Will the Senate Tip?
Just imagine how different hearings by the Intelligence Committee would be if West Virginia Democrat Jay Rockefeller IV were sitting in the chairman's seat, as opposed to Kansas Republican Pat Roberts, a man whose plodding approach to the Bush Administration's misuse of intelligence regarding weapons of mass destruction represents an epic failure of legislative oversight.
By the same token, if Kerry makes it to the Oval Office his attempts to address the disastrous failure to fund No Child Left Behind education programs would certainly be affected by whether the Health, Education, Labor & Pensions Committee was chaired by New Hampshire Republican Judd Gregg, the chief Senate defender of Bush's mandate-rich but cash-starved education agenda, or Massachusetts Democrat Ted Kennedy, one of the few senators who is not afraid to talk about fully funding federal mandates. Indeed, Common Cause president Chellie Pingree suggests that while a Democratic Senate could be counted on to temper Bush, it could also be counted on to push Kerry in a more progressive direction. "The Senate can really focus the debate and get a President to pay attention to matters that need to be resolved," says Pingree, a former Maine legislator who was defeated in a 2002 US Senate race. "A President may come in wanting to be cautious, wanting to govern from the center on major issues like energy policy, Medicare, prescription drugs. The Senate, when it is controlled by his own party, can push him to take tougher stands--I actually expect that would happen more with a President Kerry and a Democratic Senate."

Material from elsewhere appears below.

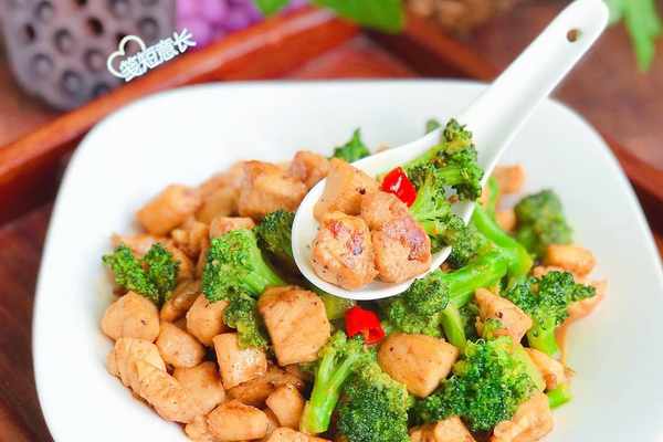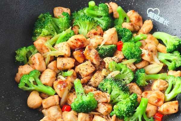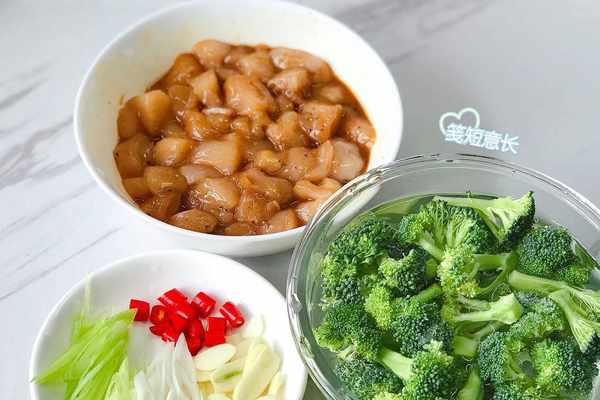 黑胡椒西蘭花炒雞丁:所需食材:西蘭花半朵、雞胸肉1塊、小米辣2根、大蒜3瓣、大蔥半根

That's certainly what Corzine, one of the most progressive members of the Senate, is counting on. Suggestions that Democrats might actually come out of the 2004 election season with a President and control of the Senate provoked laughter when Corzine took over the DSCC in late 2002, after the Democrats had lost control of the Senate in one of the worst midterm election setbacks ever for an opposition party. While the fight for dominance in the House of Representatives, where Republicans now hold an eleven-seat majority, could turn out to be competitive if Kerry takes off as a candidate, the Senate, where Republicans hold only a two-seat majority, is already up for grabs. That doesn't mean that Democrats will retake the chamber. It just means that they have a chance to do so.

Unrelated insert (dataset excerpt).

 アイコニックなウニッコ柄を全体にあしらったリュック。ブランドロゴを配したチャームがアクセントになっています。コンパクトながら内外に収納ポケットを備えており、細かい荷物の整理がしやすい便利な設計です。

"When I came in, people were talking about minimizing losses," recalls Corzine, a first-term senator who shook up the DSCC to make it more flexible and efficient and who gets credit for improving Democratic fortunes. He's been a particularly effective recruiter of candidates and has convinced a number of state parties, though not all of them, to pull together and avoid bitter primary fights. And, although there are still worries about the extent to which Democratic contenders will be outspent in most states, he has persuaded fellow Democratic senators to raise money for candidates in competitive races. But Corzine is the first to admit that "we've gotten some political breaks that no one could have predicted: Republican retirements that offset our retirements and, maybe even more important, a shift in the mood regarding the direction of the country." Lingering concerns about the economy are one factor; the other is that the war in Iraq no longer plays as positively as it once did.

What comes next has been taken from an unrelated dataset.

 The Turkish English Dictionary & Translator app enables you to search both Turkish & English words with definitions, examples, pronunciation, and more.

On a recent campaign day in Appleton, Wisconsin, a Republican-leaning city that produced Senator Joseph McCarthy, Democratic Senator Feingold got a flavor of the changing mood. When Feingold, who won a second term in one of the closest races of 1998 and is seeking a third term this year, stopped into the Copper Rock Coffee Company, he encountered a group of locals who wanted to talk about the mess in Iraq. Feingold, who voted against the war, called it a "monumental failure of American foreign policy," and many customers nodded in agreement. "People are really ill at ease about the war," he says. "I think that makes it a lot harder for the Administration to question the patriotism of Democrats who disagree, or who seek a better debate."
That's a big deal, because in 2002 patriotism--defined as support for the President--proved to be a factor in the Democrats' loss of the Senate. The most well-known example was Georgia Senator Max Cleland, the disabled Vietnam War vet who lost after being accused--directly in Republican attack ads and indirectly in Bush campaign appearances that suggested the "patriotic" vote was for his GOP opponent--of lacking the commitment to defend the country. White House political czar Karl Rove had planned to make national security issues a centerpiece of Republican campaigning in 2004 as well, but that's become a dicier strategy as Americans have become more and more disturbed by the Administration's conduct of the war in Iraq--and by the thought that, as Feingold and others suggest, Bush has steered resources away from the real war on terror.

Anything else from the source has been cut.